Do Arbitrators Have the Authority to Modify Disciplinary Action Against Employees ?
In Office of the Attorney General v. Council 13, American Federation of State, County & Municipal Employees, AFL-CIO, 577 Pa. 257, 844 A.2d 1217 (2004), an employee of the Office of Attorney General was specifically found by the arbitrator to have committed unbecoming conduct in the nature of use of alcohol while off-duty and operation of an official vehicle while off-duty and while using alcohol.
The arbitrator then found that although the employee committed the misconduct alleged, there was not just cause for termination because of three mitigating circumstances: the employee's long service with the employer, his subsequent rehabilitation and employer's imposition of dissimilar discipline under similar circumstances.

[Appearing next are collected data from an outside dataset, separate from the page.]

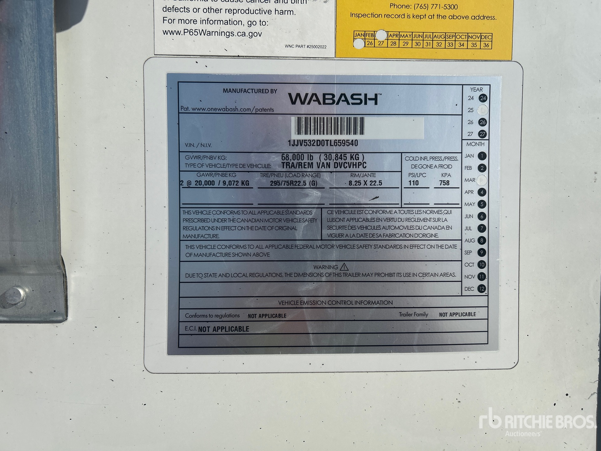 Located in Lane 32, Air Ride Sliding Suspension, Side Skirts, Hardwood Floor, Swing Door, 295/75R22.5 Tires 68000 lb GVWR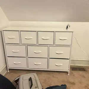 [Diversified Storage Space]: Ten drawers with two different sizes can meet your needs for categorized storage of various daily necessities. 9.84'' L x 11.81" W x 8.26" H medium-sized drawer can store 20+ books or 10+ cosmetic products and so on; 13.38'' L x 11.81" W x 8.26" H large drawer can store 10+ pieces of bedding such as sheets, duvet covers, blankets, etc.
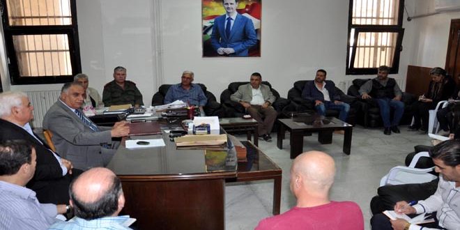 بحث محافظ حمص طلال البرازي مع المعنيين بتنفيذ مشروع تأهيل وصيانة قصر العدل في حي الوعر بالمدينة اليوم آلية استكمال ونسب تنفيذ المشروع ضمن المخصصات المالية الموضوعة.

The Court reversed the decision of the arbitrator.
In reversing the Commonwealth Court, the Supreme Court rejected this Court's conclusion that once the arbitrator found that the employee had committed the conduct alleged, just cause for discharge was established and the arbitrator did not have the authority to modify the discipline.
The Supreme Court also held that "we do not find that the award, reinstating an officer without back pay for off-duty misconduct has required the governmental employer to bargain away control over core powers that are essential to the proper discharge of the functions for which the governmental entity is responsible. City of Easton." Id. at 273, 844 A.2d at 1227.